Voilà presque quatre siècles que l’activité se perpétue à Guimerville, de génération en génération d’ouvriers. Sur ce site situé dans la vallée de la Bresle, en Normandie, 1 200 salariés de Pochet se relaient en 3 x 8 pour produire chaque année 280 millions de pots et flacons qui contiendront les fragrances siglées Hermès, Chanel, Dior, Givenchy et Guerlain. Notamment les plus précieux, ceux en verre extra-blanc. Les composants de la recette secrète de Pochet du Courval – principalement de la silice, mais aussi du carbonate de soude, du feldspath de potasse, du sulfate de soude et des terres rares – sont stockés en silos. Le mélange est convoyé à travers le toit et enfourné par un bras mécanique dans quatre fours automatiques.

Dotés d’une espérance de vie de sept ans environ, ils sont chacun le point de départ d’une chaîne de production. Dans cette zone dédiée au verre chaud, supervisée depuis une salle de contrôle, le niveau de bruit atteint celui du décollage d’un avion de chasse et l’obscurité recouvre les opérateurs. La température y frôle les 60 °C sur certaines passerelles. Au cœur de la fournaise, à 1 600 °C, le mélange est en fusion. Le verre est affiné pendant 24 heures dans un bassin de 120 tonnes, avant d’être évacué par un « feeder », une large rigole tapissée de réfractaires. La reconstruction du four 4, inauguré en 2015, désormais 45 % moins énergivore, a coûté 15 millions d’euros. L’équipement a été inauguré en 2015. Une initiative qui s’inscrit dans le plan « ambition 2023 » du groupe Pochet, qui vise une réduction de 70 % de sa consommation d’eau, de 20 % de ses émissions de CO2 et de 50 % de ses composés organiques volatils. Un investissement de 200 millions d’euros sur trois ans y a été consacré.

Quelques mètres plus bas, les pinces d’une machine cisaillent en « gouttes » la matière rougeoyante. La juste quantité de verre est injectée dans l’un des 3 000 moules en acier ou en fonte usinés sur place. Une fois formé, le flacon est retourné, soufflé, et le col dessiné. Puis il est déposé par un bras mécanique sur un ultime convoyeur où son aspect et sa brillance deviendront parfaits après un ultime passage sous les flammes. L’étape du verre chaud est terminée.

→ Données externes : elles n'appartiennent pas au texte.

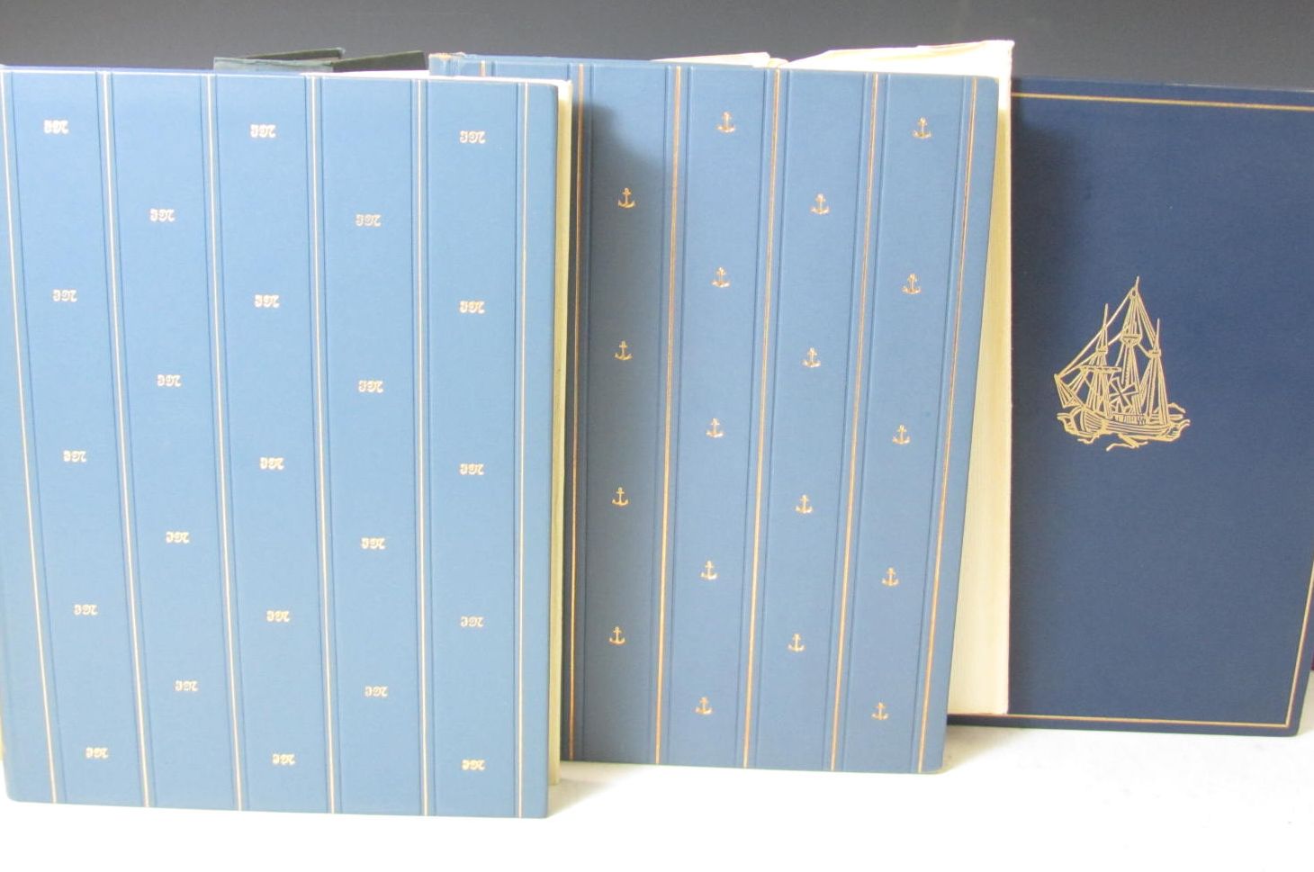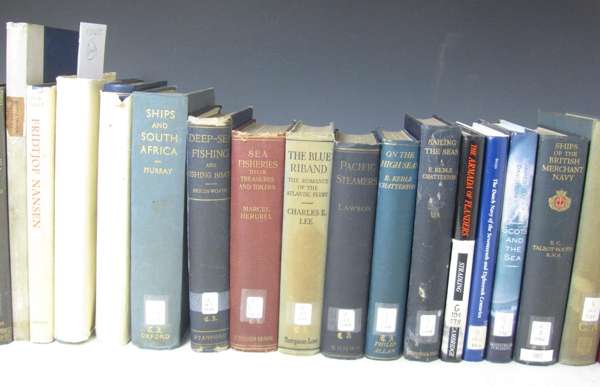 Indian shipping. A history of the sea-borne trade and maritime activity of the Indians from the earliest times. 1912; Boxer, C.R., editor The journal of Maarten Harpertszoon Tromp, anno 1639. 1930; Lawson, W. Pacific steamers. 1927; Murray, M. Ships and South Africa. 1933; Houldsworth, E.W.H. Deep-sea fishing and fishing boats. 1874; Herubel, M.A. Sea fisheries. 1912; Lee, C.E. The blue riband. [N.d.]; Chatterton, E.K. On the high seas. 1929; Villiers, A.J. Vanished fleets. 1931. Later cloth; Lecky, H.S. The King's ships. 1913. Volumes 1-3 (of 6), volumes 1-2 original cloth, volume 3 morocco, worn; Hodge, H. The battle cruisers at the action of the Falkland Islands. 1920. 4to, chromolithographed plates; Talbot-Booth, E.C. Ships of the British Merchant Navy. Passenger Lines. 1932; Chatterton, E.K. Sailing the seas, a survey of seafaring. 1931; Vogt, P. Fridtjof Nansen. Explorer, scientist, humanitarian. Oslo, 1961. 4to, blue morocco gilt, dust-jacket; Heyerdahl, T., Richter, S. and H.J. Riiser-Larsen Great Norwegian expeditions. Oslo, [c.1961]. 4to, blue morocco gilt, dust-jacket; Petersen, K. The saga of Norwegian shipping. Oslo, 1955. 4to, blue morocco gilt, dust-jacket; Bruijn, J.R. The Dutch navy of the 17th and 18th centuries. Columbia, 1993. Dust-jacket; Davidson, D.G. Scots and the sea. 2003. Dust-jacket; Stradling, R.A. The Armada of Flanders. 1992. Dust-jacket; most original cloth; and a quantity of similar books, Cruising Association Library gilt stamp to some upper covers, bookplates, some with small oval blindstamp to title; and a quantity of similar books; sold not subject to return (quantity)

Optimiser le parachèvement des flacons

L’univers sombre et mécanique laisse place à la blancheur des blouses et des charlottes. Les flacons tièdes sont saisis six par six et auscultés par deux machines comportant chacune une vingtaine de capteurs. Des opérateurs vérifient sur écran la conformité des produits avant un ultime contrôle manuel en bout de ligne. Les flacons conformes sont, pour 55 % d’entre eux, parachevés sur place. Le reste est livré brut chez le client, qui se chargera de la décoration. Les rebuts – 30 % environ – sont brisés et réintroduits dans le circuit de production. Un taux moyen, dans cette industrie, que le groupe espère réduire en investissant dans de nouvelles machines de vision, explique Thierry Rabu, le directeur général du pôle flaconnage.

Globalement, l’étape de parachèvement a bénéficié de 17 millions d’euros d’investissements répartis sur les trois sites français de flaconnage – Guimerville, Gamaches (Somme) et Beaugency (Loiret). « Le groupe va développer l’automatisation et réorganiser les flux dans le parachèvement pour répondre à la concurrence de pays à bas coût », précise Tristan Farabet, le directeur général du groupe. À Guimerville, la zone de collage, sérigraphie et assemblage a été revue pour améliorer l’ergonomie et la performance. De nouvelles machines, comme le robot qui pose le silicone sur le col ou l’automate qui décaisse à grande vitesse, démontrent l’ambition du groupe : un pied dans la tradition, un autre dans l’innovation. Pour pérenniser ce savoir-faire, une Pochet Academy ouvrira ses portes dans les prochains mois.